Publications / SAND Report

Flexible and Scalable Data Fusion using Proactive Schemaless Information Services

Widener, Patrick W.

Exascale data environments are fast approaching, driven by diverse structured and unstructured data such as system and application telemetry streams, open-source information capture, and on-demand simulation output. Storage costs having plummeted, the question is now one of converting vast stores of data to actionable information. Complicating this problem are the low degrees of awareness across domain boundaries about what potentially useful data may exist, and write-once- read-never issues (data generation/collection rates outpacing data analysis and integration rates). Increasingly, technologists and researchers need to correlate previously unrelated data sources and artifacts to produce fused data views for domain-specific purposes.
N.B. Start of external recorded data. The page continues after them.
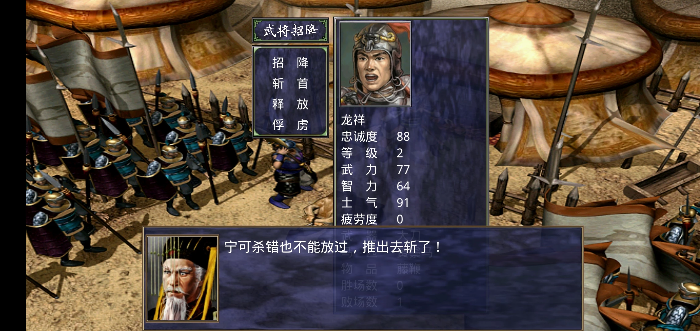 战争作为这款游戏的最大卖点,主要通过玩家的自行选择攻略的城池发动战争,在出战之前选择出征的武将,玩家可以根据武将所配备的兵种不同自由搭配,以形成最大的伤害,小编在游戏过程中发现一个厉害的武将对游戏往往起到关键作用,很有可能仅仅通过一个武将就赢得战争的胜利。在游戏过程中,玩家可以安排合适的阵型让自己的攻击最大化,通过针对于武将,也可以发动武将技形成高额伤害,每一场战争都是这款策略游戏的一部分,如何准确利用每个武将的特性同样是玩家们需要重点考虑的。每一次战争过后都会俘虏敌方的武将,不论是招降、释放还是斩首都有玩家自己选择。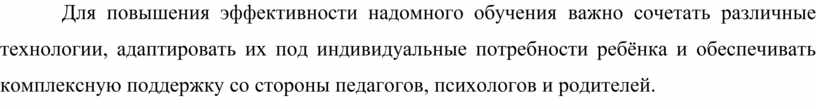 Для повышения эффективности надомного обучения важно сочетать различные технологии, адаптировать их под индивидуальные потребности ребёнка и обеспечивать комплексную поддержку со стороны педагогов, психологов и родителей.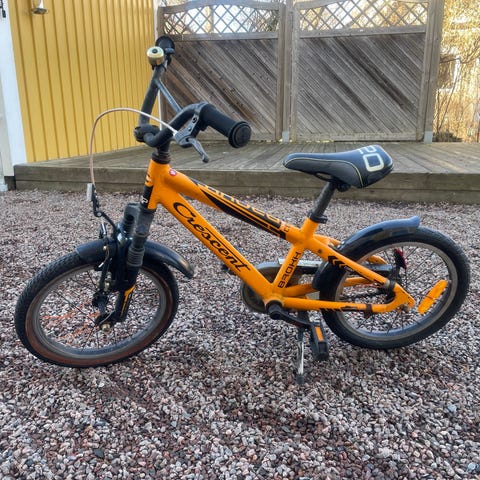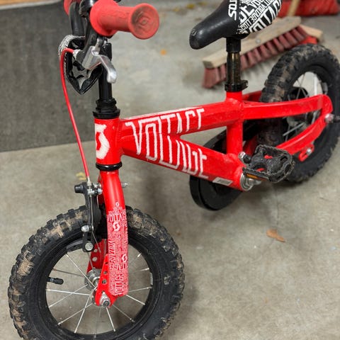 Kayoba Surge barncykel med 12" hjul i röd färg. Cykeln har ram med BMX-inspirerad design, fotpedaler och handtag med skydd. Utrustad med stödhjul bak för extra stabilitet vid inlärning. Passar mindre barn som ska lära sig cykla på en kompakt cykel med små hjul.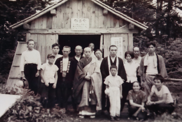 「この写真は大師堂の3回目の建て替え記念に撮影したものです。高野山の親王院から来た2人のお坊さんの真ん中に写るのが小学一年生の私です。昭和34年のことでした。びっくりしましたよ。こんな山の中に大師様の立派な坐像があるんですから」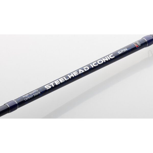 Wędka DAM Steelhead Iconic Spin posiada bardzo smukły i mocny blank węglowy wykonany z włókna węglowego 24T. Wędkę cechuje niewielka waga i zastosowanie wysokiej jakości komponentów, takich jak przelotki SiC oraz ergonomiczne mocowanie kołowrotka Touch Blank. Wędka jest bardzo dobrze wyważona i doskonale leży w dłoni, dzięki zastosowaniu korkowej rękojeści. Pokrowiec w zestawie.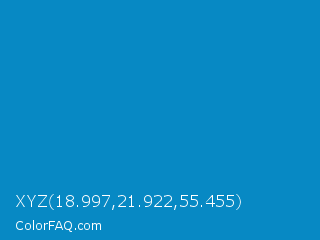 XYZ 18.997,21.922,55.455 Color is a normal blue color and the nearest color is Blue NCS #0087bd. Hex code #0789c4 and RGB value is rgb(7,137,196). In RGB color space, this color is composed of 3% red, 54% green, 77% blue, In CMYK color space, this color is composed of 96% cyan, 30% magenta, 0% yellow , 23% black , In HSL color space, this color has a hue angle of 199° , 93% saturation and 40% lightness.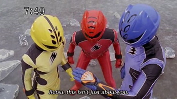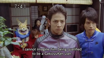 Là où Boukenger introduisait ses 5 héros dès le premier épisode (puis BoukenSilver bien plus tard), ici, il faut attendre le 23ème épisode pour voir le 4ème Gekiranger, Fukami Gou aka GekiViolet puis le 27ème pour que soit introduit GekiChopper de son petit nom Ken Hisatsu (si je ne me trompe pas, Ken = technique et Hisatsu > Hisatsu Waza = coup final). Même si les 5 se battent sans problème ensemble, on a pas la même unité d'un point de vue design des costumes puisque les 3 héros de base se ressemblent et les 2 suivants ont chacun leur style propre.

New tools and approaches for creating such views from vast amounts of data are vitally important to maintaining research and operational momentum. We propose to research and develop tools and services to assist in the creation, refinement, discovery and reuse of fused data views over large, diverse collections of heterogeneously structured data. We innovate in the following ways. First, we enable and encourage end-users to introduce customized index methods selected for local benefit rather than for global interaction (flexible multi-indexing). We envision rich combinations of such views on application data: views that span backing stores with different semantics, that introduce analytic methods of indexing, and that define multiple views on individual data items. We specifically decline to build a big fused database of everything providing a centralized index over all data, or to export a rigid schema to all comers as in federated query approaches. Second, we proactively advertise these application-specific views so that they may be programmatically reused and extended (data proactivity). Through this mechanism, both changes in state (new data in existing view collected) and changes in structure (new or derived view exists) are made known. Lastly, we embrace found data heterogeneity by coupling multi-indexing to backing stores with appropriate semantics (as opposed to a single store or schema).